AVAILABLE DATA =>
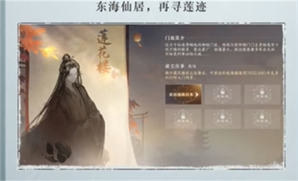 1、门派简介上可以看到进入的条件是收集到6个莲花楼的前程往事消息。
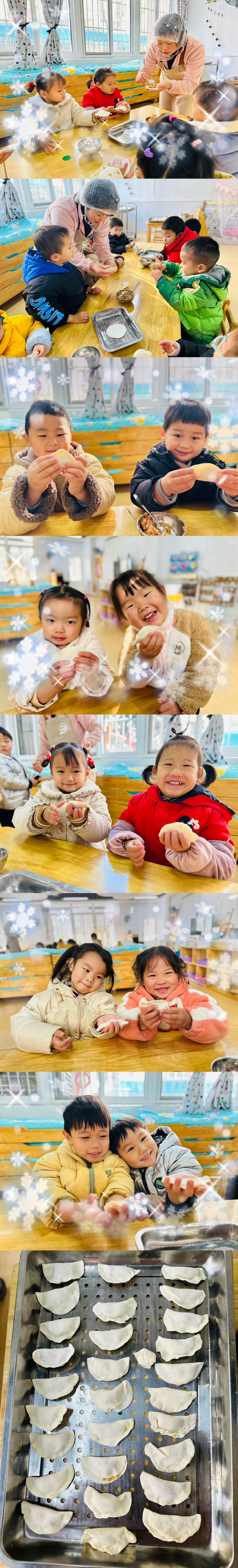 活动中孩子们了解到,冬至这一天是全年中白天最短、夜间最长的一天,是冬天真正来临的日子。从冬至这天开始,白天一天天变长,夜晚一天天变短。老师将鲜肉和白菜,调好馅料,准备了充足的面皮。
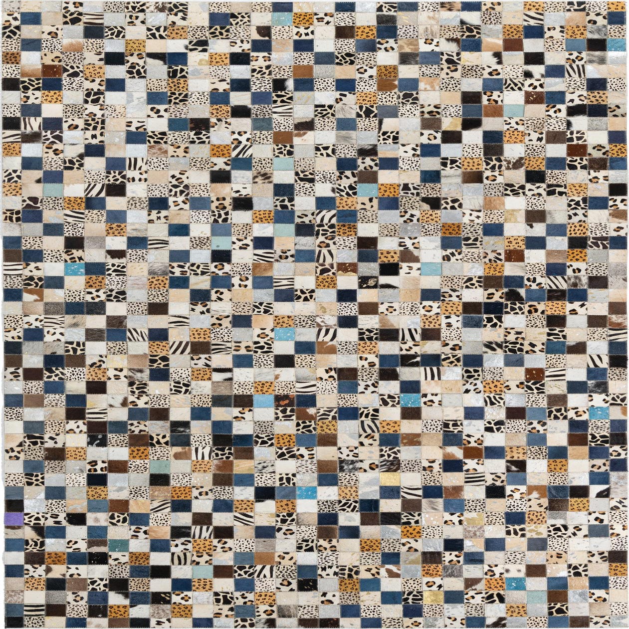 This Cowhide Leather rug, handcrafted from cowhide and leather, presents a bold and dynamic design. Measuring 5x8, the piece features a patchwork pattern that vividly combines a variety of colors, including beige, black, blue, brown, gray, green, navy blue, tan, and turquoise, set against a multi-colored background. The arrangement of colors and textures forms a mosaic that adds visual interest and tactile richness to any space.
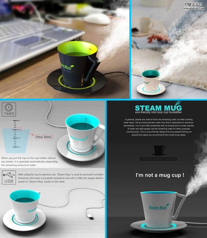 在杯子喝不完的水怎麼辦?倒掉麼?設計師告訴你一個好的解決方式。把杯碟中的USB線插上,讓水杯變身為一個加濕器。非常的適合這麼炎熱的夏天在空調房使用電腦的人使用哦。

TO DO => Each line of the data should be printed again exactly. Please leave pictures out.

OUTPUT =>
 1、门派简介上可以看到进入的条件是收集到6个莲花楼的前程往事消息。
 活动中孩子们了解到,冬至这一天是全年中白天最短、夜间最长的一天,是冬天真正来临的日子。从冬至这天开始,白天一天天变长,夜晚一天天变短。老师将鲜肉和白菜,调好馅料,准备了充足的面皮。
 This Cowhide Leather rug, handcrafted from cowhide and leather, presents a bold and dynamic design. Measuring 5x8, the piece features a patchwork pattern that vividly combines a variety of colors, including beige, black, blue, brown, gray, green, navy blue, tan, and turquoise, set against a multi-colored background. The arrangement of colors and textures forms a mosaic that adds visual interest and tactile richness to any space.
 在杯子喝不完的水怎麼辦?倒掉麼?設計師告訴你一個好的解決方式。把杯碟中的USB線插上,讓水杯變身為一個加濕器。非常的適合這麼炎熱的夏天在空調房使用電腦的人使用哦。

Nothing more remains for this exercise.